Ленни

Я нашел ей доктора. О'Брайена. Хотел бы я знать, в каком списке он числился и, стало быть, из какого вылетел, после какой такой истории ему пришлось умыть руки.

Доктор. Мясник уж скорее. Семейный мясник.

Сейчас это кажется мне забавным. Хотя в церкви шутить не положено. Но ведь когда Джек, который теперь в пакете, был еще на ногах – верней, уже не на ногах, но еще живехонек, лежал на спине, как один из этих парней вокруг, только что в камень еще не обратился, – он вдруг сказал мне, что всегда хотел быть доктором.

Я уставился на него – не знал даже, что сказать. А он говорит: «Ну да, врачом, знахарем, костоправом. Лечить больных, ухлестывать за сестричками и так далее. Живое-то мясцо лучше мертвого, нет разве?»

Я посмотрел на других лежачих, а потом снова на него – думал, он меня разыгрывает, а он говорит: «Чего скалишься, Бомбардир?»

«Да просто не ожидал от тебя», – говорю.

А этот Черный принц небось всю жизнь без улыбки обходился.

Винс смотрит в путеводитель и говорит: «Я считаю, надо еще заглянуть в монастырь, а потом валить отсюда».

«Ладно, Бугор, ты начальник», – говорю я.

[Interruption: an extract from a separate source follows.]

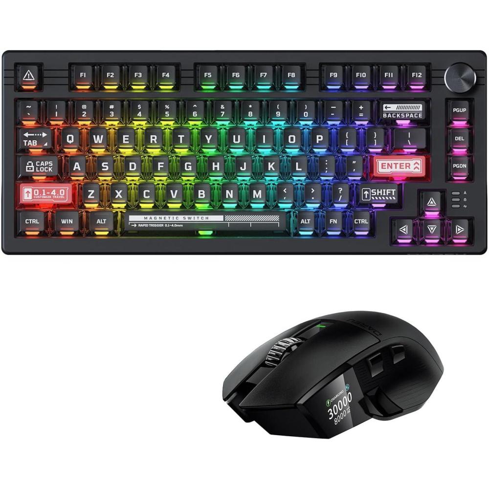 Keyboard:Customizable hall effect magnetic switches,40 levels of per-key actuation (0.1 – 4.0mm), with an adjustable precision of 0.1mm. 4-in-1 action keys: up to 4 different commands in the same key.Rapid trigger: providing 20 times faster accuracy and 11 times faster response than traditional mechanical keyboards.

Мы с Виком обмениваемся быстрыми ухмылками и плетемся вслед за Винсом, как будто отсюда нельзя уйти, пока все не посмотришь, как будто мы обязаны это сделать.

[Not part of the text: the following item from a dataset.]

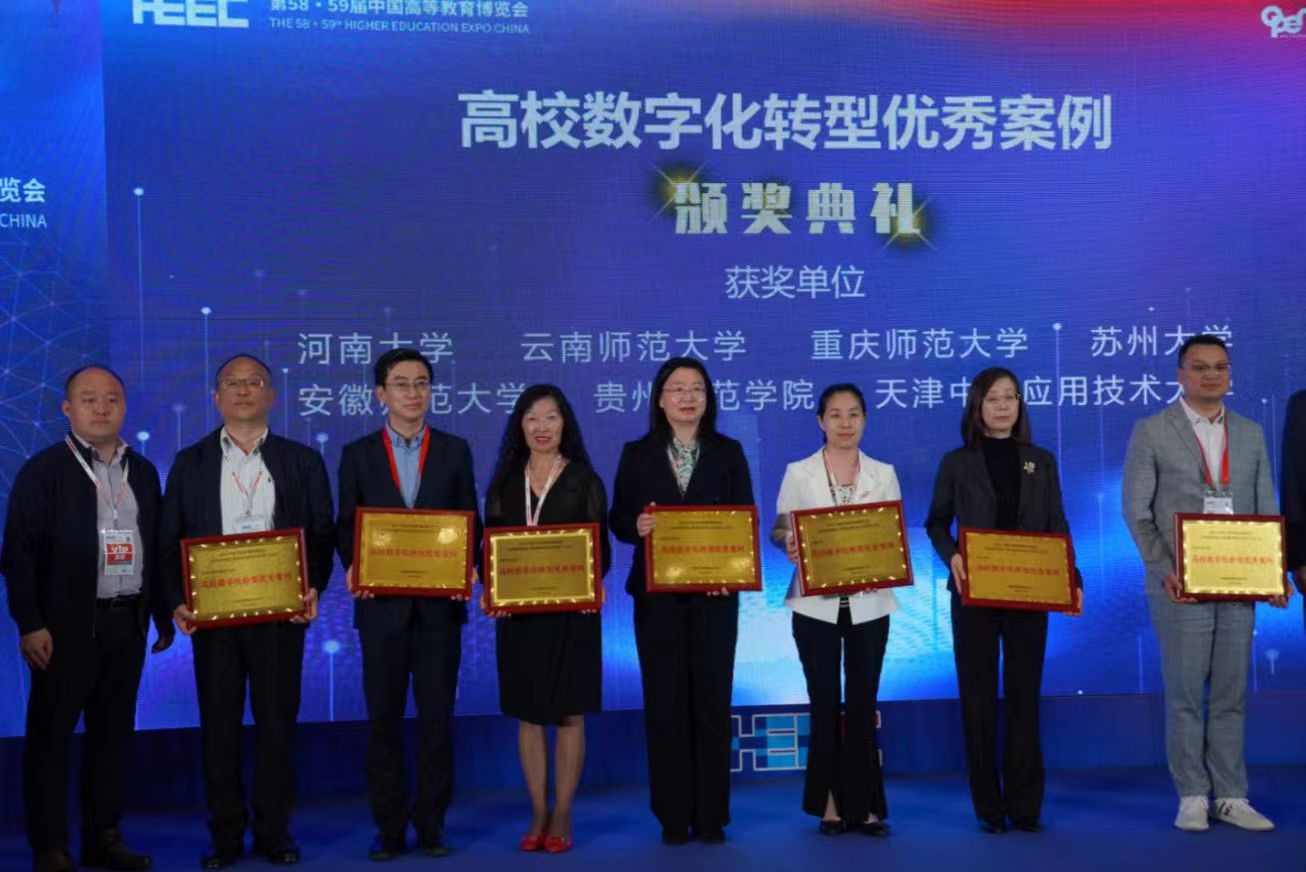 近日,在中国高等教育学会主办的第58·59届中国高等教育博览会上,我校与河南大学、重庆师范大学、苏州大学、安徽师范大学等9所院校获“高校数字化转型优秀案例”。

В церкви шутить не полагается, да и в больнице вроде бы тоже. Но это или страшный позор, или очень смешная шутка – перед самым концом вдруг захотеть стать не тем, кто ты есть. И я бы скорей уж смеялся, чем плакал. А если подумать как следует и все учесть, то, пожалуй, последним-то смеяться будет наш Бугор – ведь он знает, что он не Винс Доддс и никогда им не был, хотя сейчас ему явно надоело шуметь по этому поводу. Но все мы, остальные, так и не знаем, кто мы на самом деле. Боксер. Врач. Жокей.

Хотя Вик – он знает.

Мы проходим в дверь, которая ведет на монастырское подворье. Рэйси куда-то делся.

Живое мясцо лучше мертвого – так он сказал, но вот что думает об этом Джун Доддс, мы, наверно, никогда не узнаем. И Салли всегда будет жалеть, что у нее не родился тот ребенок, что мы убили ребенка этого подлеца, хотя она запросто могла бы обойтись без всего живого мяса, благодаря которому с тех пор кормится. Иногда то и другое почти не различишь. Но плоть есть плоть. Она свое берет.

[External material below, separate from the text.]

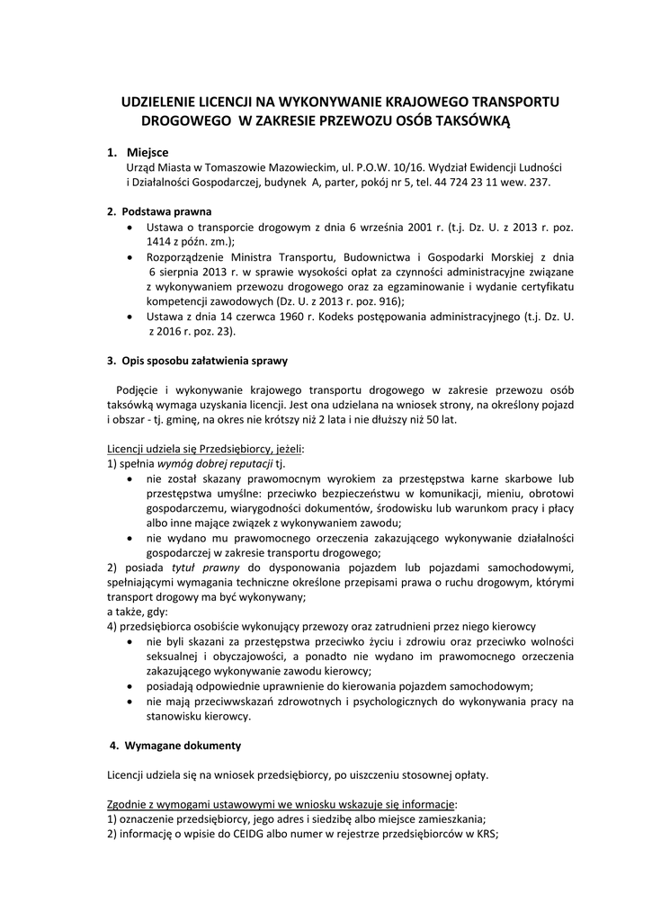 UDZIELENIE LICENCJI NA WYKONYWANIE KRAJOWEGO TRANSPORTU DROGOWEGO W ZAKRESIE PRZEWOZU OSÓB TAKSÓWKĄ 1. Miejsce Urząd Miasta w Tomaszowie Mazowieckim, ul. P.O.W. 10/16. Wydział Ewidencji Ludności i Działalności Gospodarczej, budynek A, parter, pokój nr 5, tel. 44 724 23 11 wew. 237. 2. Podstawa prawna  Ustawa o transporcie drogowym z dnia 6 września 2001 r. (t.j. Dz. U. z 2013 r. poz. 1414 z późn. zm.);  Rozporządzenie Ministra Transportu, Budownictwa i Gospodarki Morskiej z dnia 6 sierpnia 2013 r. w sprawie wysokości opłat za czynności administracyjne związane z wykonywaniem przewozu drogowego oraz za egzaminowanie i wydanie certyfikatu kompetencji zawodowych (Dz. U. z 2013 r. poz. 916);  Ustawa z dnia 14 czerwca 1960 r. Kodeks postępowania administracyjnego (t.j. Dz. U. z 2016 r. poz. 23). 3. Opis sposobu załatwienia sprawy Podjęcie i wykonywanie krajowego transportu drogowego w zakresie przewozu osób taksówką wymaga uzyskania licencji. Jest ona udzielana na wniosek strony, na określony pojazd i obszar - tj. gminę, na okres nie krótszy niż 2 lata i nie dłuższy niż 50 lat. Licencji udziela się Przedsiębiorcy, jeżeli: 1) spełnia wymóg dobrej reputacji tj.  nie został skazany prawomocnym wyrokiem za przestępstwa karne skarbowe lub przestępstwa umyślne: przeciwko bezpieczeństwu w komunikacji, mieniu, obrotowi gospodarczemu, wiarygodności dokumentów, środowisku lub warunkom pracy i płacy albo inne mające związek z wykonywaniem zawodu;  nie wydano mu prawomocnego orzeczenia zakazującego wykonywanie działalności gospodarczej w zakresie transportu drogowego; 2) posiada tytuł prawny do dysponowania pojazdem lub pojazdami samochodowymi, spełniającymi wymagania techniczne określone przepisami prawa o ruchu drogowym, którymi transport drogowy ma być wykonywany; a także, gdy: 4) przedsiębiorca osobiście wykonujący przewozy oraz zatrudnieni przez niego kierowcy  nie byli skazani za przestępstwa przeciwko życiu i zdrowiu oraz przeciwko wolności seksualnej i obyczajowości, a ponadto nie wydano im prawomocnego orzeczenia zakazującego wykonywanie zawodu kierowcy;  posiadają odpowiednie uprawnienie do kierowania pojazdem samochodowym;  nie mają przeciwwskazań zdrowotnych i psychologicznych do wykonywania pracy na stanowisku kierowcy. 4. Wymagane dokumenty Licencji udziela się na wniosek przedsiębiorcy, po uiszczeniu stosownej opłaty. Zgodnie z wymogami ustawowymi we wniosku wskazuje się informacje: 1) oznaczenie przedsiębiorcy, jego adres i siedzibę albo miejsce zamieszkania; 2) informację o wpisie do CEIDG albo numer w rejestrze przedsiębiorców w KRS; 3) numer identyfikacji podatkowej (NIP); 4) określenie rodzaju i zakresu transportu drogowego oraz obszaru wykonywania przewozu; 5) określenie czasu na jaki licencja ma być udzielona. Do wniosku dołącza się: 1) oświadczenie przedsiębiorcy o spełnieniu wymogu dobrej reputacji 2) oświadczenie o zamiarze zatrudnienia kierowców lub o zamiarze współpracy z osobami niezatrudnionymi przez przedsiębiorcę, lecz wykonującymi osobiście przewóz na jego rzecz w związku z art.8 ust. 3 pkt 4 ustawy z dnia 6 września 2001 r. o transporcie drogowym. 3) wykaz pojazdów zawierający informacje:  markę i typ,  rodzaj/ przeznaczenie,  numer rejestracyjny,  numer VIN,  wskazanie rodzaju tytułu prawnego do dysponowania pojazdem, 4) dowód uiszczenia opłaty za wydanie licencji. 5. Opłaty 1) Wysokość opłaty opłata za udzielenie licencji na wykonywanie krajowego transportu drogowego w zakresie przewozu osób taksówką na obszarze gminy wynosi:  200 zł - od 2 do 15 lat,  250 zł – powyżej 15 do 30 lat,  300 zł – powyżej 30 do 50 lat. 2) Sposób wniesienia opłaty:  w kasie Urzędu Miasta w Tomaszowie Mazowieckim (parter w budynku A) lub  na rachunek bankowy : ING Bank Śląski Nr 90 1050 1461 1000 0023 6464 4324 6. Termin udzielenia odpowiedzi w ciągu miesiąca od dnia złożenia wniosku wraz z załącznikami. 7. Jednostka odpowiedzialna Wydział Ewidencji Ludności i Działalności Gospodarczej, budynek A, parter, pokój nr 5, tel. 44 724 23 11 wew. 237. 8. Tryb odwoławczy Od decyzji stronie przysługuje odwołanie do Samorządowego Kolegium Odwoławczego w Piotrkowie Trybunalskim za pośrednictwem Prezydenta Miasta Tomaszowa Maz., w terminie 14 dni od dnia doręczenia decyzji. 9. Inne informacje Przedsiębiorca jest obowiązany zgłaszać na piśmie lub w postaci dokumentu elektronicznego organowi, który udzielił licencji na wykonywanie krajowego transportu drogowego w zakresie przewozu osób taksówką, wszelkie zmiany danych, o których mowa w art. 8 ustawy z dnia 6 września 2001 r. o transporcie drogowym, nie później niż w terminie 28 dni od dnia ich powstania. Jeżeli zmiany obejmują dane zawarte w licencji, przedsiębiorca jest obowiązany wystąpić z wnioskiem o zmianę treści licencji. 10. Załączniki 1) WLDG-23-01 wniosek o udzielenie licencji na wykonywanie krajowego transportu drogowego taksówką; 2) WLDG-23-02 oświadczenie przedsiębiorcy o spełnieniu wymogu dobrej reputacji; 3) WLDG-23-03 oświadczenie przedsiębiorcy osobiście wykonującego przewozy; 4) WLDG-23-04 oświadczenie o zamiarze zatrudnienia kierowców/współpracy z osobami niezatrudnionymi przez przedsiębiorcę, lecz wykonującymi osobiście przewóz na jego rzecz.

Может, первое, что мне следует сделать после возвращения из Маргейта, это пойти навестить Салли. Привет, девочка. Я твой старый папка, неужто не помнишь? А ты небось думала, очередной клиент.

Плоть свое берет. Иногда ее, конечно, стоит осадить, но она свое берет, и тут уж ничего не поделаешь. Наверно, не очень-то хорошо думать об этом здесь, на монастырском дворе, – о том, какой была Эми сорок лет назад, когда возвращалась с морского побережья и отдавала нам крошку Салли. Но я вдруг вспоминаю это, и очень живо. Наверно, не годится думать о том, как торчали под платьем ее соски и какая у нее была фигурка, когда везешь в последний путь останки ее мужа. А я вот думаю.

В церкви не годится думать о дурном, но ты все равно думаешь и даже рад этому, точно находишь в этом поддержку. Не годится думать о таких вещах, когда ты уже старик и еле пыхтишь, когда тебе шестьдесят девять, а между ног у тебя нет ничего, кроме грошовой свистульки, но я все равно думаю – как будто теперь-то уж можно, раз Джек в этом пакете. Вспоминаю, как она целовала Салли и ласкала ее, а я ревновал к собственной дочери и думал, что счастливей Джека нет никого в целом мире. И это ведь я подал идею завернуть сюда. Божественного захотелось. Джеку-то какая разница. Кому он теперь расскажет, кому похвастается вечером за стаканом пивка? Мои приятели меня уважили, сделали со мной круг почета по Кентерберийскому собору.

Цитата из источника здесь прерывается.